A review by lorrainelowereads
Charlotte Gray by Sebastian Faulks

4.0

I’m not ashamed to say I sobbed my way through the last 60 pages of this book. I hadn’t got high expectations for it when I started; the previous Faulks novel I had read didn't do much for me and I haven’t seen the movie version of Charlotte Gray. The book is the story of Charlotte, who is one of the most interesting and best written characters I have come across in a while, as she moves to London from Edinburgh in 1942, so the height of WW2. Her life changes quickly when she falls in love with an RAF pilot who then goes missing in France, and at the same time she gets employed by the secret service to go to France as a messenger and courier. Her plan is to try to find her pilot while she is there but instead she gets swept up in the resistance activities in the small town she is based in.
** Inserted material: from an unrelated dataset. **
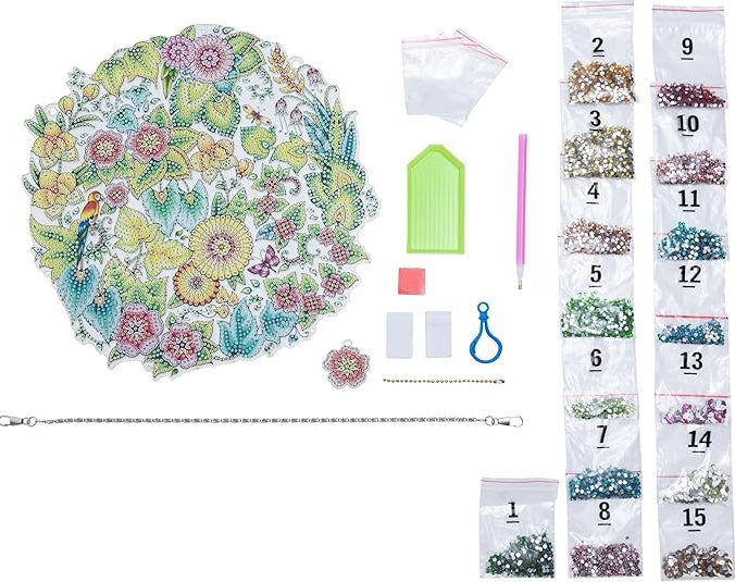 Erst gibt es was zu basteln, dann eine tolle Deko! Steinchen für Steinchen entsteht hier ein funkelnder Dekokranz zum Aufhängen: ein üppiger, fast schon tropisch anmutender Blumenschmuck, der nicht vergeht. In leuchtenden Farben erblühen und ranken hier grosse und kleine Blüten und Blätter, dass es eine Freude ist! Zwischen dem Blattwerk tummeln sich noch kleine Schmetterlinge und sogar ein Papagei.

I found Charlotte’s story itself really interesting and the book opened my eyes to Vichy France, which I had never heard of. But the reason I was so traumatised at the end was the secondary story of two young Jewish boys (exactly the same age as my two boys) who were being hidden in the town where Charlotte was living, and whose parents had already been taken by the Gendarmes.....I knew from the beginning these two boys were doomed, and they were, but it was the description of how these two children, plus the hundreds like them without their parents, were treated while in the camps that devastated me........a really tough, but worthwhile read.